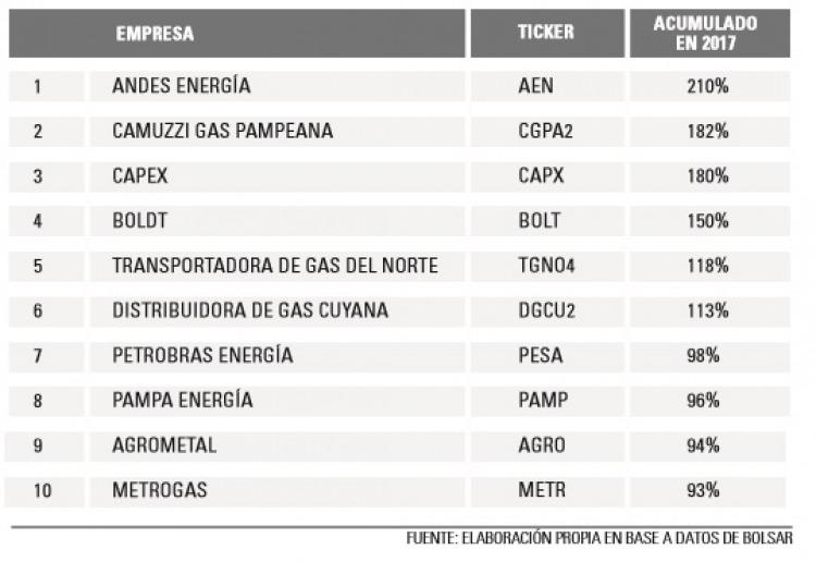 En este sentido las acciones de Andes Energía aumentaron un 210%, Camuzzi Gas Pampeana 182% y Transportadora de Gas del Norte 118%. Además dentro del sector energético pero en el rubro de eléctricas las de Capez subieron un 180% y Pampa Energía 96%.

==

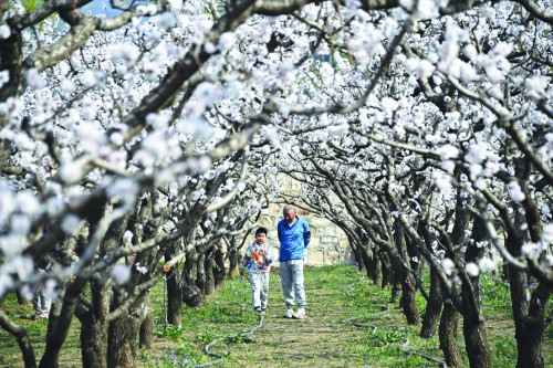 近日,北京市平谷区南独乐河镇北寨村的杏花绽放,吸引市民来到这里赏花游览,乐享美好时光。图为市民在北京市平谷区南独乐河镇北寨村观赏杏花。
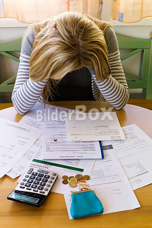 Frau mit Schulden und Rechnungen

▸ **WHAT YOU HAVE TO DO**:
Extract, without any images, the part of the material above that opens with the line containing "近日,北京市平谷区南独乐河镇" and closes with the line containing "Frau mit Schulden und Rechnungen", both lines included.

▸ **TASK ANSWER**:
 近日,北京市平谷区南独乐河镇北寨村的杏花绽放,吸引市民来到这里赏花游览,乐享美好时光。图为市民在北京市平谷区南独乐河镇北寨村观赏杏花。
 Frau mit Schulden und Rechnungen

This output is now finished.